Taking the listing below, restate word for word each line from the line with "奥佳华家用按摩椅Z8 松露棕(台)" to the line with "Key features include", ends included, and stop there.

Start of RECORDS PROVIDED

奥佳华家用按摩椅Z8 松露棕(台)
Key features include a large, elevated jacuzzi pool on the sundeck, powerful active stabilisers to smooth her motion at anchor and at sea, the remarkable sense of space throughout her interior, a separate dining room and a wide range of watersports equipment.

End of RECORDS PROVIDED
Start of RECORDS PROVIDED

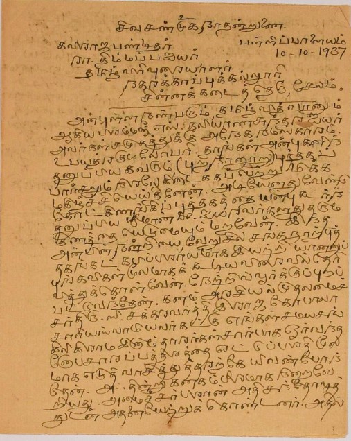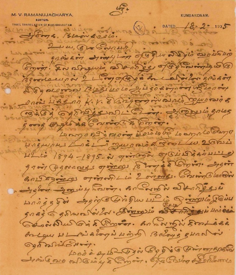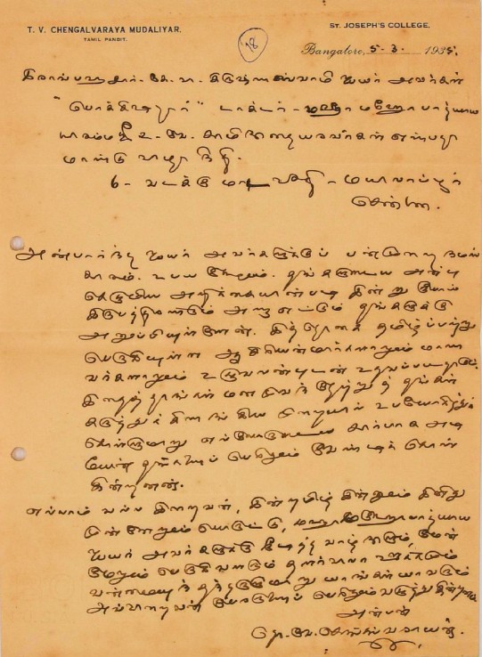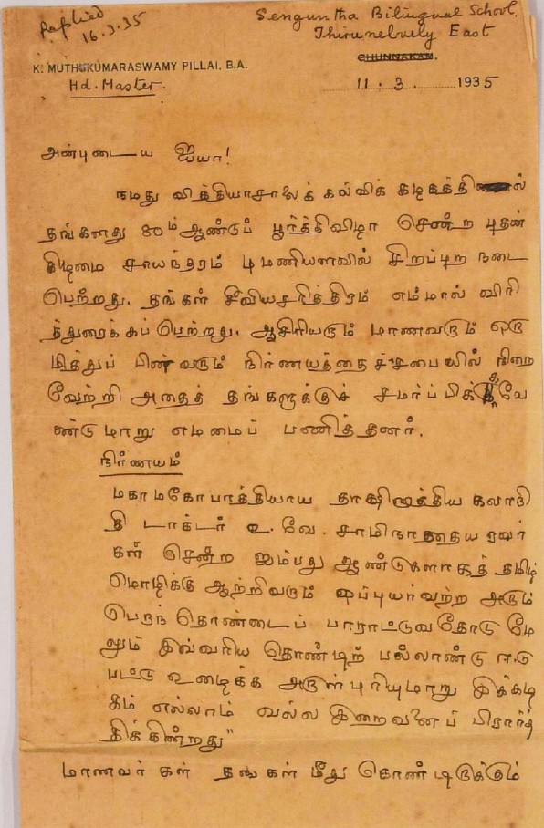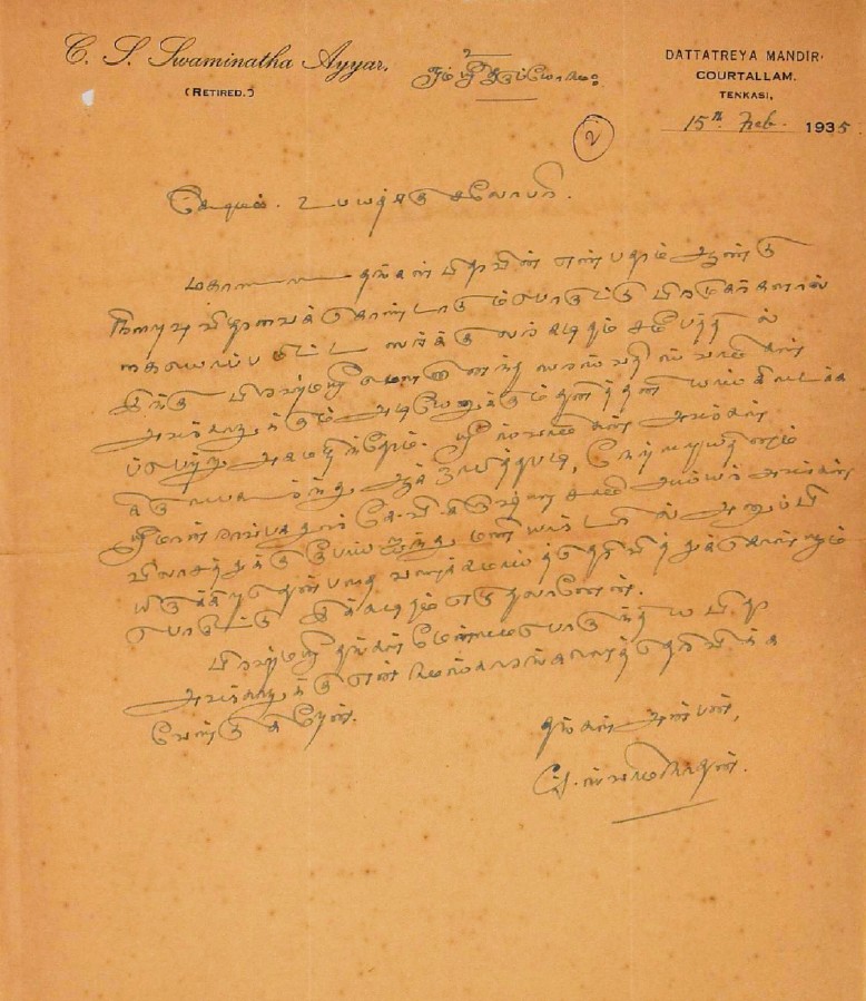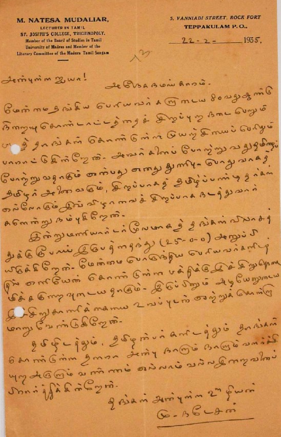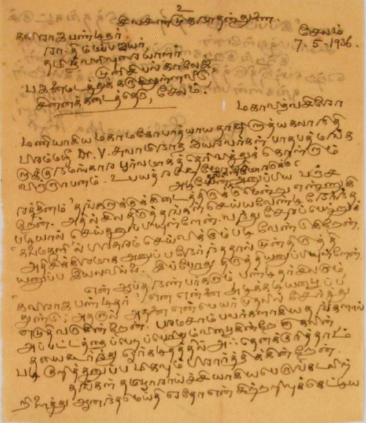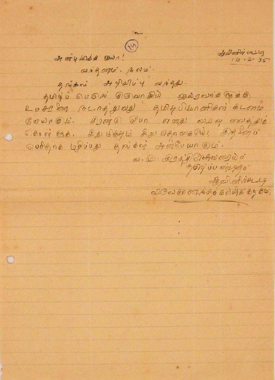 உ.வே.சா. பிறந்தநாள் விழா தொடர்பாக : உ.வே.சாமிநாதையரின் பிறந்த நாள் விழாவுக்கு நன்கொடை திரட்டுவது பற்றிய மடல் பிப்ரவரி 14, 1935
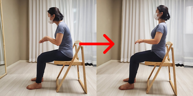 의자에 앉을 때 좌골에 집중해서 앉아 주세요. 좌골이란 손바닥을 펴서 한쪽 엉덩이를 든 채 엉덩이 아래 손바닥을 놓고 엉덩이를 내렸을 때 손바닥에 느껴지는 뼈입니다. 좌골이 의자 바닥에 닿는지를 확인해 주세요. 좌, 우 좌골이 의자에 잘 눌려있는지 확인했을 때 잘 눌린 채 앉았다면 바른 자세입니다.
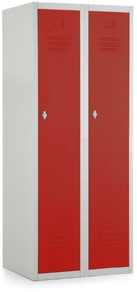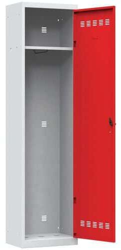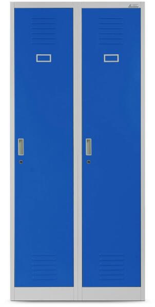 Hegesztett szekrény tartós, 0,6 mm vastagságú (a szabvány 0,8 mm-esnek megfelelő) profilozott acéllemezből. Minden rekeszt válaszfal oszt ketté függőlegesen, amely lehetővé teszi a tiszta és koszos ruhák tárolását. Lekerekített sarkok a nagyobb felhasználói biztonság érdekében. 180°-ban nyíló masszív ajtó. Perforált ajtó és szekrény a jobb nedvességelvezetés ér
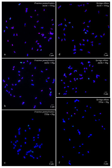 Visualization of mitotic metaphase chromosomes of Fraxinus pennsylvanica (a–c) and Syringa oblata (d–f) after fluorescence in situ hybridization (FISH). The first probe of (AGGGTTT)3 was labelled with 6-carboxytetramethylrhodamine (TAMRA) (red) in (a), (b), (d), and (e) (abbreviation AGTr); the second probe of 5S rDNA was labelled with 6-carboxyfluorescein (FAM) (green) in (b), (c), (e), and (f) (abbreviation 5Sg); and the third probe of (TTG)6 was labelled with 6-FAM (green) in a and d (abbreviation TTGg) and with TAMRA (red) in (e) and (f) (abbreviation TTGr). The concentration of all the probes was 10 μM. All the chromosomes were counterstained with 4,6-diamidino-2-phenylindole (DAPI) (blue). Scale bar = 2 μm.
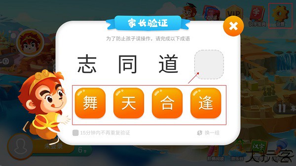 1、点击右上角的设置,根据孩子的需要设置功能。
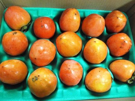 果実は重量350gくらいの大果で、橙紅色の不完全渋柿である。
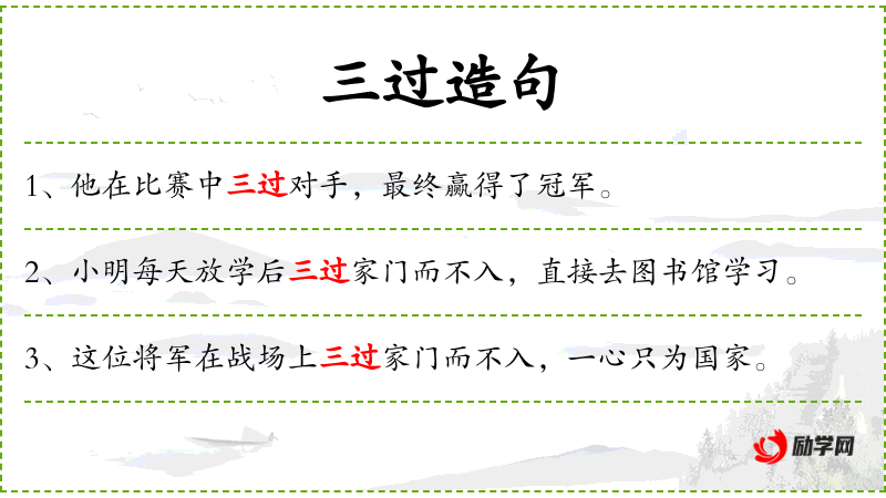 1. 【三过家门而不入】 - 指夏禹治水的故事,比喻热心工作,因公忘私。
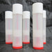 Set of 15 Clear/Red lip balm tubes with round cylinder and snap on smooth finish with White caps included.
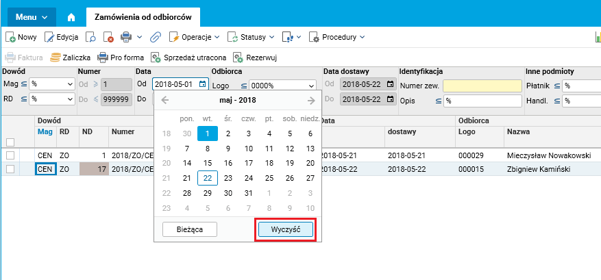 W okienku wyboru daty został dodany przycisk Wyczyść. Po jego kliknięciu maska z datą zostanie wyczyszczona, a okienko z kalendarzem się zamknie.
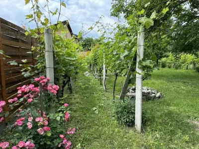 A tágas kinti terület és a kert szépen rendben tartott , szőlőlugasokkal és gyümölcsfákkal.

End of RECORDS PROVIDED

== YOUR RESPONSE ==
奥佳华家用按摩椅Z8 松露棕(台)
Key features include a large, elevated jacuzzi pool on the sundeck, powerful active stabilisers to smooth her motion at anchor and at sea, the remarkable sense of space throughout her interior, a separate dining room and a wide range of watersports equipment.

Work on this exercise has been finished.